Monday, November 27, 2006

Rosanne



Despite what some have said recently about me (in the Mary Gauthier section of Tower Records) I listen to more than Menopausal Heritage Rock. But playing along, I wanted to put a spotlight on a gem of the genre.
A few weeks ago, I was fortunate enough to see Rosanne Cash and her band perform at Carnegie Hall. The show was filled with many songs that I had never heard before and a few that I was familiar with (Seven Year Ache primarily) but it was the songs from her new record that most captivated me. So here goes, an introduction of sorts to Black Cadillac.

“It was a black Cadillac that drove you away…” sings Rosanne Cash in the opening moments of Black Cadillac. The line is just one of many pieces of Man In Black imagery peppered throughout Rosanne Cash’s newest album, Black Cadillac. There are only a few upbeat tracks on the record, but that makes sense. The album opens with that great baritone voice calling his daughter forward when she was a young child, from what sounds like a home recording. To us he was Johnny Cash, to her he is Dad and she lost him as well as her mother in a short time span, so it is no real surprise that Black Cadillac is about them and about Rosanne Cash herself, now that they are gone and she remains, though seemingly moving forward.

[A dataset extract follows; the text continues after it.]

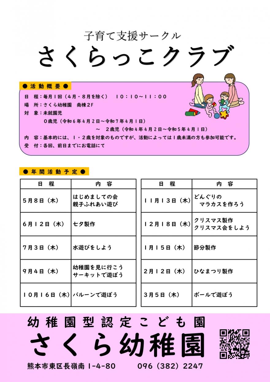 2025.04.10 お知らせ 令和7年度『さくらっこクラブ』活動スタート!!★0・1・2歳児対象★ 子育て支援サークル「さくらっこクラブ」の令和7年度活動が、5月からスタートします!親子で楽しい時間を一緒に過ごしませんか?対象、日程、主な活動内容などは添付の案内をご確認ください。みなさまのご参加、お待ちしてます♪

Radio Operator may be about Rosanne Cash’s parents sending messages to one another or maybe not but the sound has a sprightly hop to it and a little twang in its’ chorus. Like every song on the album it is full of plush production, filled out by various string instruments in which you can hear the picks touching upon the strings.

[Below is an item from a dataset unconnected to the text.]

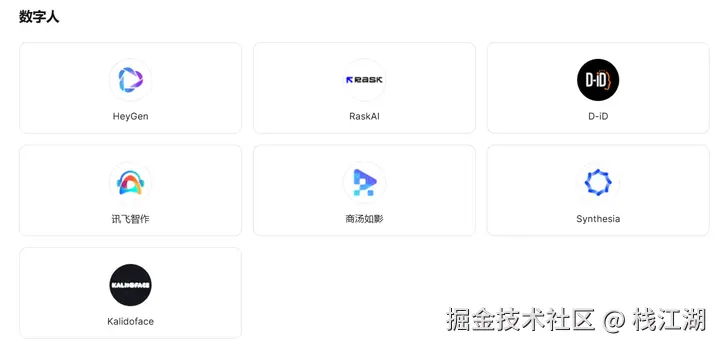 比如数字人,包含讯飞智作、商汤如影、HeyGen等优秀的数字人产品都有收录。

Even if the songs sucked, Cash has a great voice and can carry a tune. You don’t have to listen to understand the words or to know exactly what she is saying and that’s because she gets her job done. Her pitch doesn’t change often like an Emmylou Harris but that doesn’t matter because she has the same sort of glowing quality to the sounds emitting from her mouth. The World Unseen is an example of Cash’s superb voice. Her vocals continue on until you realize the intensity of the instrumentation and her voice have risen and come together, taking over even the most casual, unsuspecting listener, and bringing them to a place they did not know they were heading.

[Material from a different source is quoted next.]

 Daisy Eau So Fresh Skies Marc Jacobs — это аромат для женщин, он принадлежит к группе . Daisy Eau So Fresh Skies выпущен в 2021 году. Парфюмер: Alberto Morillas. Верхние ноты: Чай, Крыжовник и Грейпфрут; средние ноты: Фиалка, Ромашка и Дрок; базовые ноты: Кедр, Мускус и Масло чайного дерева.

On I Was Watching You, Cash takes a somber look into her past, quickly moving forward to the present with her displaying an aching tone that finds her singing of and to her departed father. Lead by a simple pleading piano melody Cash declares more to herself than any listener, “I didn’t know it but you were always there, ‘till September when you slipped away in the middle of my life on the longest day, now I hear you say ‘I’ll be watching you from above.’”
One gets the feeling he has been invited to view the photo album of another's family or to read someone else's diary and discovers it is all too interesting yet he shouldn't have the access. What is in his hands is the pain of another, but then realizes Rosanne Cash’s world is no different than his own. She makes heartbreak, despair and unflinching optimism in the face of her significant loss our own. That is the magic of the songwriter to take the unfamiliar and distant and twist it into a feeling and mood we all can relate to.
Now that the singer is gone, Rosanne Cash is still singing his song, and doing a fine job.